## Provided records

#####

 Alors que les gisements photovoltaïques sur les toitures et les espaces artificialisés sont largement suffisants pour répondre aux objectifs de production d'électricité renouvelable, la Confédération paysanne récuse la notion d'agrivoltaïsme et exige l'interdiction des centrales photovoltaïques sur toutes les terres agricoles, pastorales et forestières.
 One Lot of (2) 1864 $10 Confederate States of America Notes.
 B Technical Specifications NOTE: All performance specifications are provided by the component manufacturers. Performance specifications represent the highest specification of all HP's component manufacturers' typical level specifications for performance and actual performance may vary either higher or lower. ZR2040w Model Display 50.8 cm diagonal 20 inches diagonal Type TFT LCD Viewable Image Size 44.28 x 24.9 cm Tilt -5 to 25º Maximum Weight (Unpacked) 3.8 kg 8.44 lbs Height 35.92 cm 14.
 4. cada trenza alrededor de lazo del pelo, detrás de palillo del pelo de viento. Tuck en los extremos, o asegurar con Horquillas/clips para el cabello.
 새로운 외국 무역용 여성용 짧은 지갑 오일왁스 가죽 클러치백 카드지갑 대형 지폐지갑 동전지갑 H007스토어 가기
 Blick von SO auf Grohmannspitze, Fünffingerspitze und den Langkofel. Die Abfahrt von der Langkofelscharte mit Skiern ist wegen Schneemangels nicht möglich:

#####

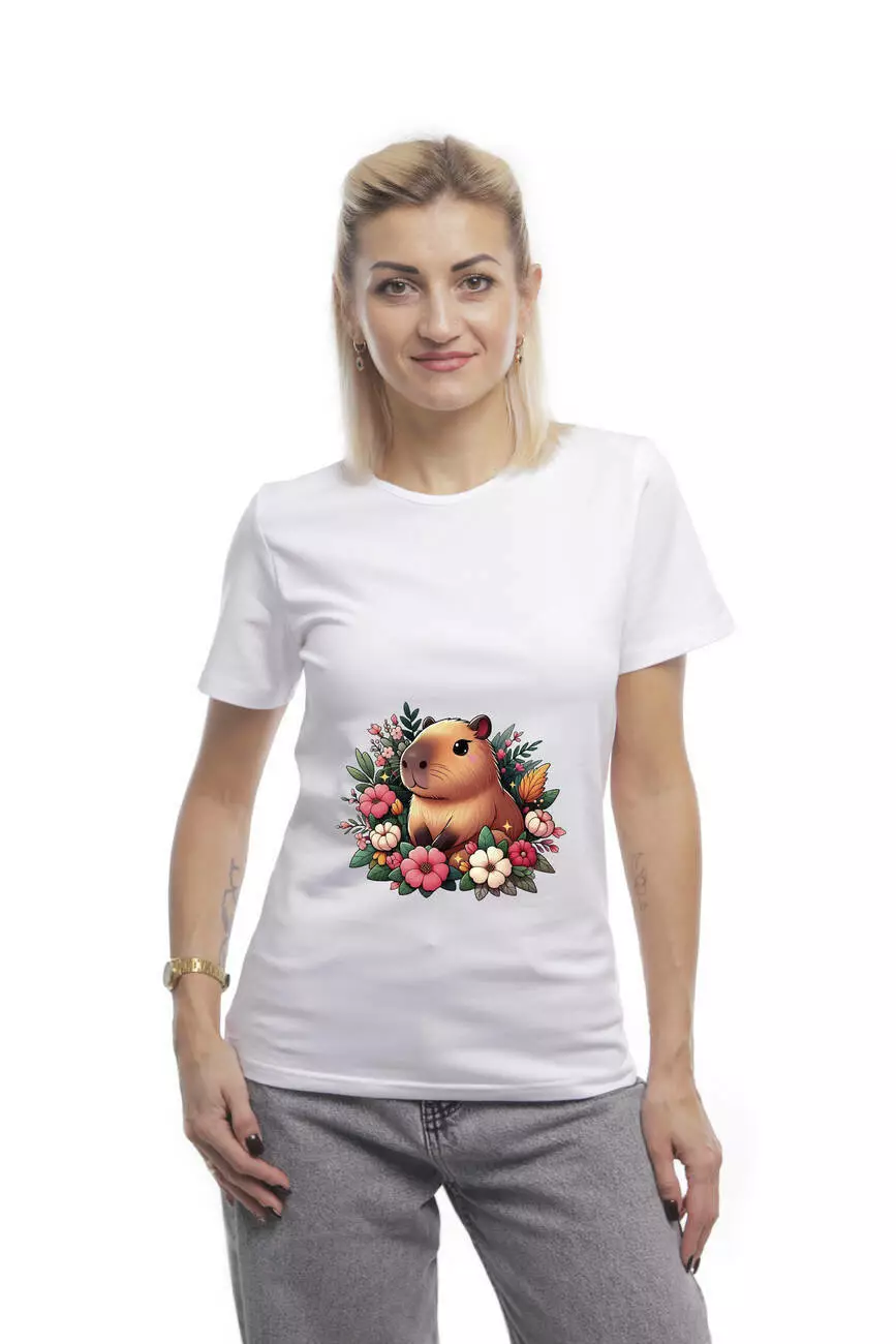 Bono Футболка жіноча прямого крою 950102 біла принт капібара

#####

## Activity
Your answer should be the exact lines above from the one with "Alors que les" through the one with "Blick von SO", both included, and nothing besides.

## Exercise solution
 Alors que les gisements photovoltaïques sur les toitures et les espaces artificialisés sont largement suffisants pour répondre aux objectifs de production d'électricité renouvelable, la Confédération paysanne récuse la notion d'agrivoltaïsme et exige l'interdiction des centrales photovoltaïques sur toutes les terres agricoles, pastorales et forestières.
 One Lot of (2) 1864 $10 Confederate States of America Notes.
 B Technical Specifications NOTE: All performance specifications are provided by the component manufacturers. Performance specifications represent the highest specification of all HP's component manufacturers' typical level specifications for performance and actual performance may vary either higher or lower. ZR2040w Model Display 50.8 cm diagonal 20 inches diagonal Type TFT LCD Viewable Image Size 44.28 x 24.9 cm Tilt -5 to 25º Maximum Weight (Unpacked) 3.8 kg 8.44 lbs Height 35.92 cm 14.
 4. cada trenza alrededor de lazo del pelo, detrás de palillo del pelo de viento. Tuck en los extremos, o asegurar con Horquillas/clips para el cabello.
 새로운 외국 무역용 여성용 짧은 지갑 오일왁스 가죽 클러치백 카드지갑 대형 지폐지갑 동전지갑 H007스토어 가기
 Blick von SO auf Grohmannspitze, Fünffingerspitze und den Langkofel. Die Abfahrt von der Langkofelscharte mit Skiern ist wegen Schneemangels nicht möglich:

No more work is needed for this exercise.